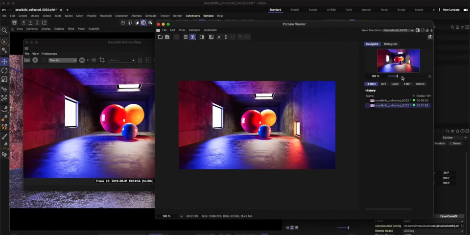 inema 4D는 이제 3D 보기, Picture Viewer 및 Redshift RenderView에 적용된 OCIO 색상 관리와 색상을 선택하거나 텍스처 및 재료로 작업할 때 OpenColorIO를 기본적으로 지원합니다.
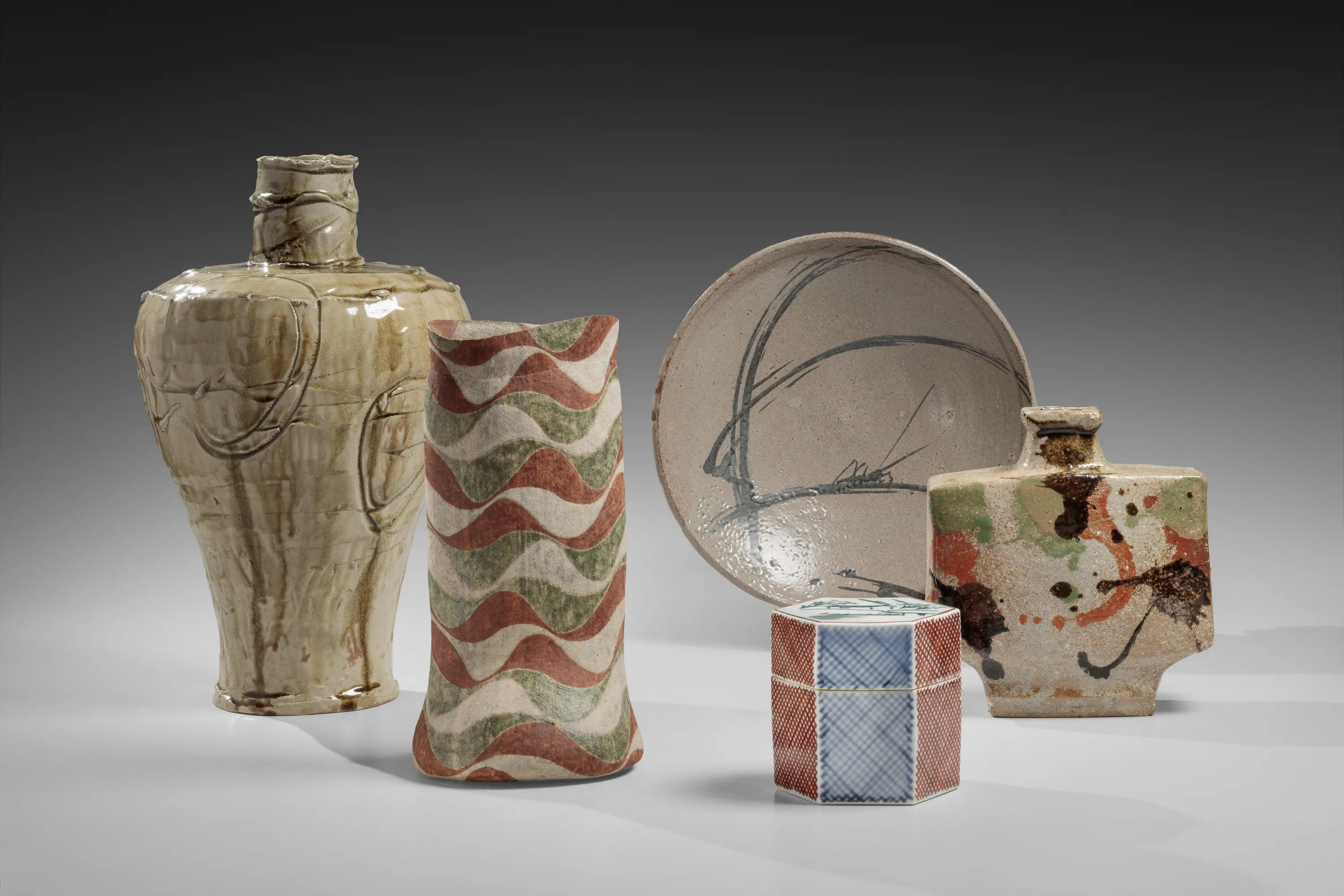 For Asia Week New York, Joan B Mirviss LTD presents Six Celestials, an exhibition featuring selected masterpieces by six artists whose seminal careers established the foundations upon which contemporary Japanese ceramics has been built. Each of these artists combined their unrivaled technical expertise in historical ceramic traditions with a unique and compelling artistic vision. By placing their diverse bodies of work in conversation with one another, the exhibition highlights the ways in which each of these twentieth-century icons helped pave the way for the emergence of Japanese ceramics as it exists today—one of the most dynamic and exciting fields of contemporary art.
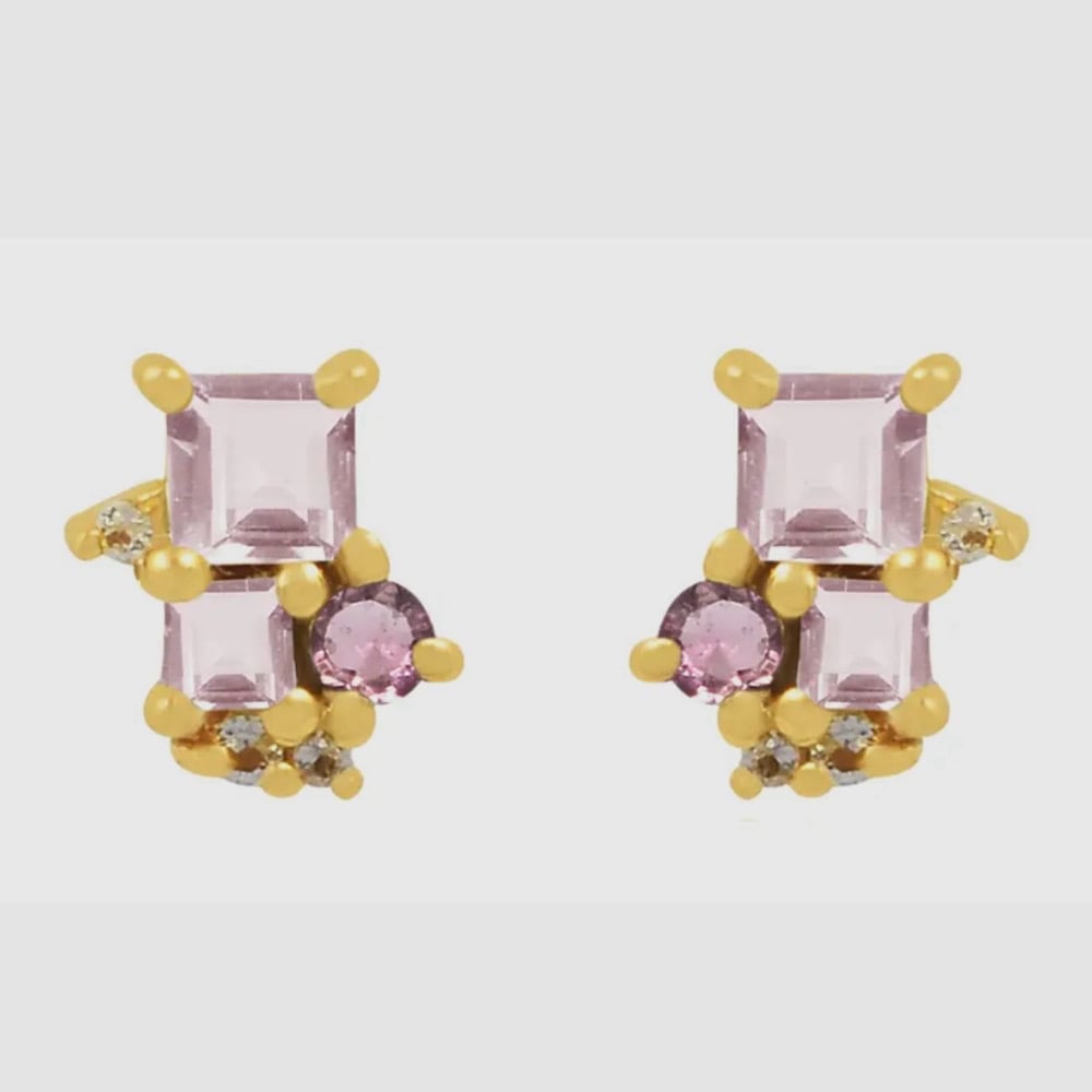 A beautiful cluster of Rose Quartz and Tourmaline Stud Gold Plated on Silver Earrings by Guest Designer Pomegranate.
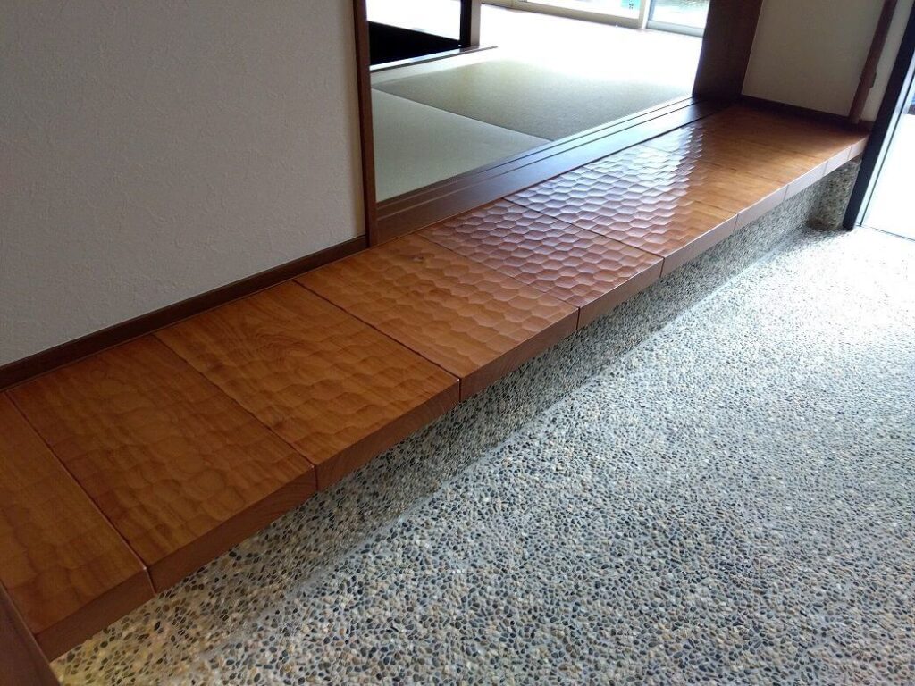 敷台 名栗加工 材:ケヤキ(亀甲なぐり)

□ □ □ □ □

> _WHAT TO DO_: Your answer must be an exact copy of the listing, with every picture omitted.

> _YOUR RESPONSE_:
 inema 4D는 이제 3D 보기, Picture Viewer 및 Redshift RenderView에 적용된 OCIO 색상 관리와 색상을 선택하거나 텍스처 및 재료로 작업할 때 OpenColorIO를 기본적으로 지원합니다.
 For Asia Week New York, Joan B Mirviss LTD presents Six Celestials, an exhibition featuring selected masterpieces by six artists whose seminal careers established the foundations upon which contemporary Japanese ceramics has been built. Each of these artists combined their unrivaled technical expertise in historical ceramic traditions with a unique and compelling artistic vision. By placing their diverse bodies of work in conversation with one another, the exhibition highlights the ways in which each of these twentieth-century icons helped pave the way for the emergence of Japanese ceramics as it exists today—one of the most dynamic and exciting fields of contemporary art.
 A beautiful cluster of Rose Quartz and Tourmaline Stud Gold Plated on Silver Earrings by Guest Designer Pomegranate.
 敷台 名栗加工 材:ケヤキ(亀甲なぐり)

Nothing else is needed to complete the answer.